• _Work item_: Transcribe the listing exactly as written. Leave the images out.

• _Information supplied_:
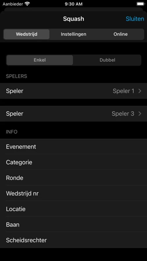App voor bijhouden van squash scores. Geschikt voor gebruik van internationale wedstrijden.
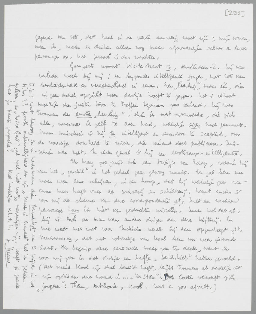 Gomperts woont Viottastraat 13, Amsterdam-Z. Hij was verleden week bij mij; een bijzonder intelligente jongen, met iets van bescheidenheid en verzekerdheid in eenen. Een ‘leerling’, maar één, die in geen enkel opzicht meer dankje hoeft te zeggen. Het is ietwat moeilijk den juisten toon te treffen tegenover zoo iemand. Hij was trouwens de eerste ‘leerling’, dien ik ooit ontmoette, die zich alles, waarmee ik zelf te doen had, werkelijk eigen had gemaakt. Maar misschien is hij te intelligent en daardoor te sceptisch, om de noodige domheid te vinden, die iemand doet publiceeren. Misschien ook niet. In ieder geval is hij een eersterangs-intelligentie.
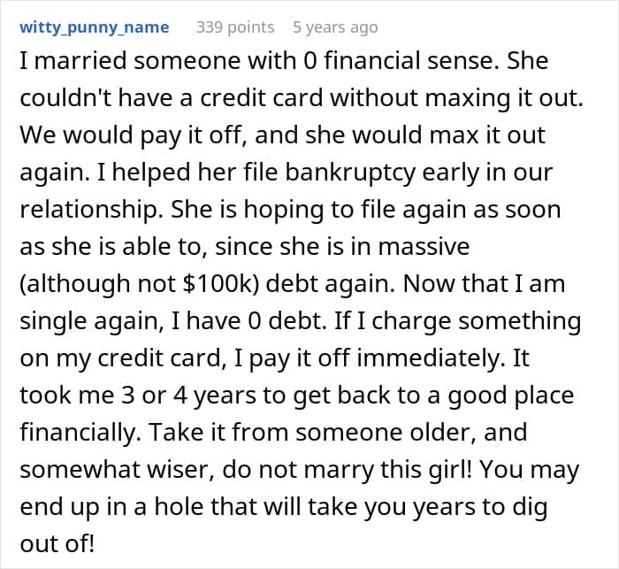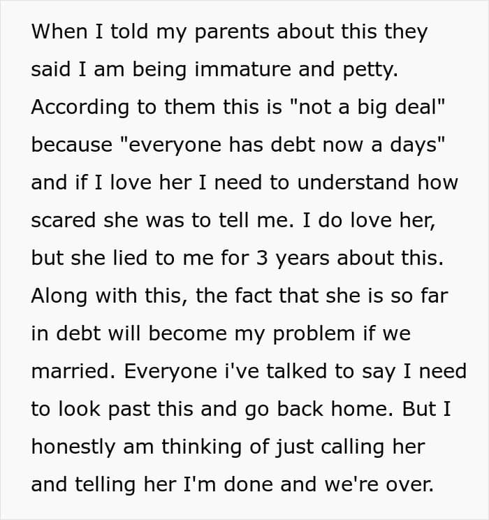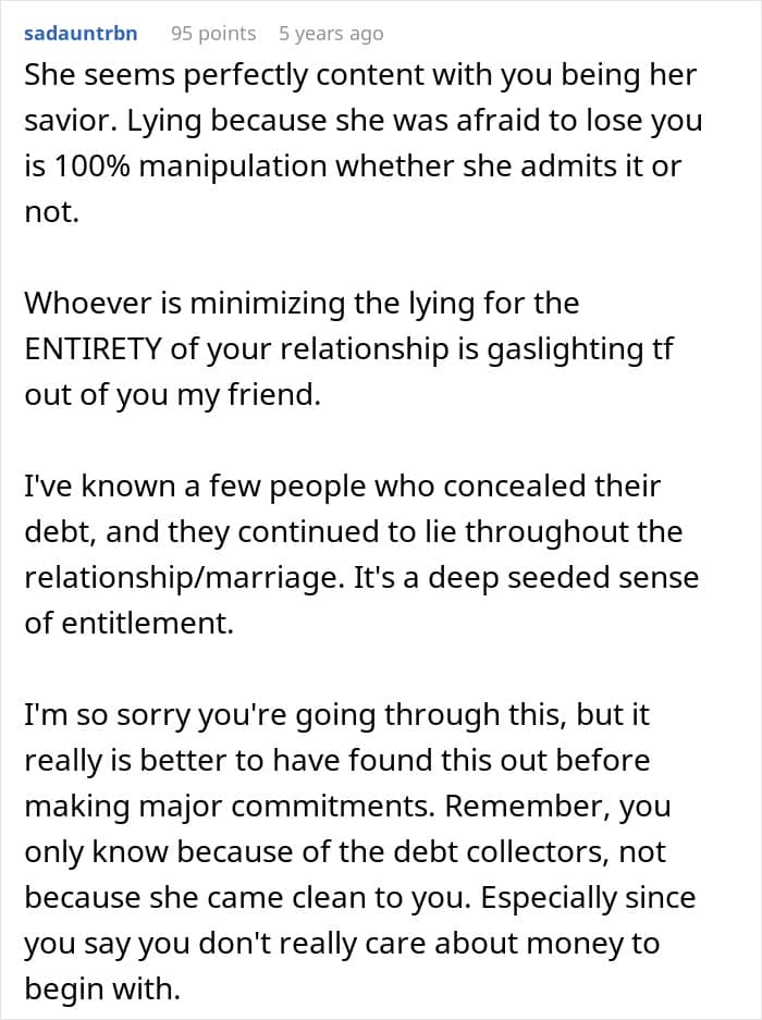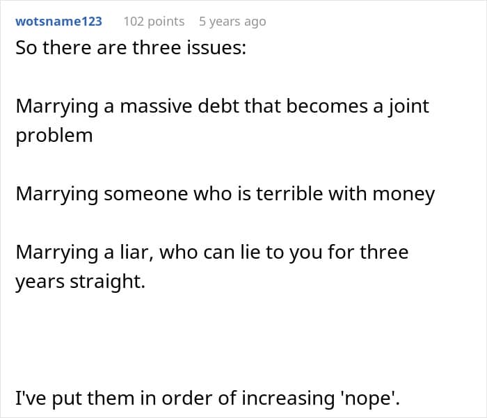 RELATED:A man said his fiancée had hidden a huge amount of debt from him
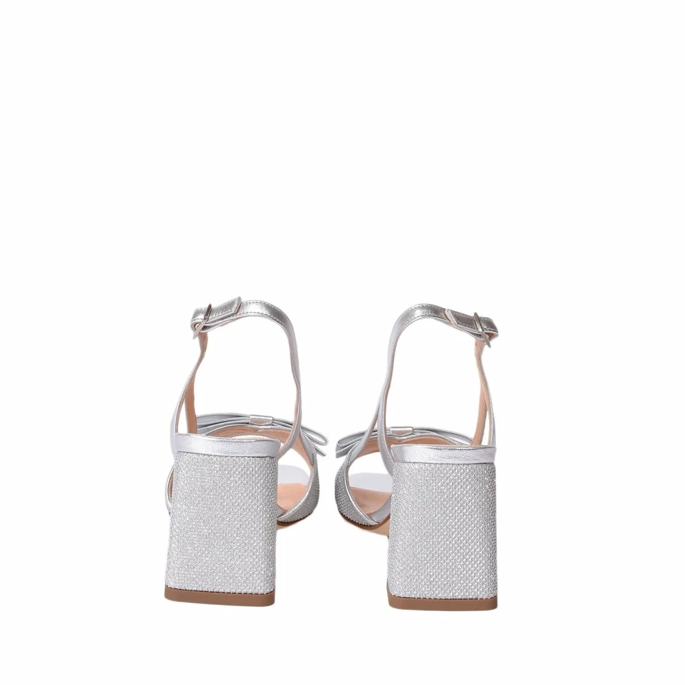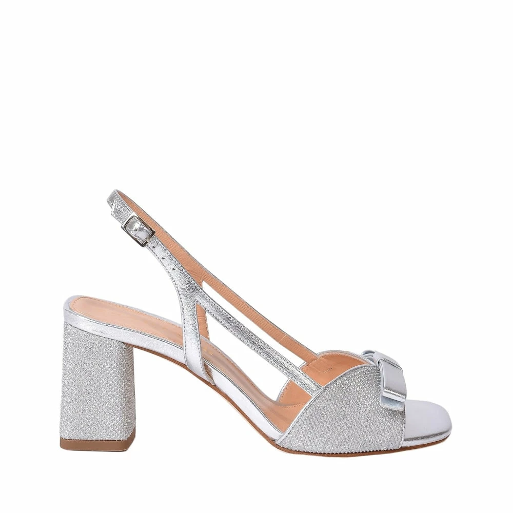 | Brand Model Product number Category Color Material Lining Heel Heigh Outsole | CHANTAL Luxor Bow 1103/Silver Heels Silver Glitter Leather Leather 7.5 cm Leather |

• _Written answer_:
App voor bijhouden van squash scores. Geschikt voor gebruik van internationale wedstrijden.
 Gomperts woont Viottastraat 13, Amsterdam-Z. Hij was verleden week bij mij; een bijzonder intelligente jongen, met iets van bescheidenheid en verzekerdheid in eenen. Een ‘leerling’, maar één, die in geen enkel opzicht meer dankje hoeft te zeggen. Het is ietwat moeilijk den juisten toon te treffen tegenover zoo iemand. Hij was trouwens de eerste ‘leerling’, dien ik ooit ontmoette, die zich alles, waarmee ik zelf te doen had, werkelijk eigen had gemaakt. Maar misschien is hij te intelligent en daardoor te sceptisch, om de noodige domheid te vinden, die iemand doet publiceeren. Misschien ook niet. In ieder geval is hij een eersterangs-intelligentie.
 RELATED:A man said his fiancée had hidden a huge amount of debt from him
 | Brand Model Product number Category Color Material Lining Heel Heigh Outsole | CHANTAL Luxor Bow 1103/Silver Heels Silver Glitter Leather Leather 7.5 cm Leather |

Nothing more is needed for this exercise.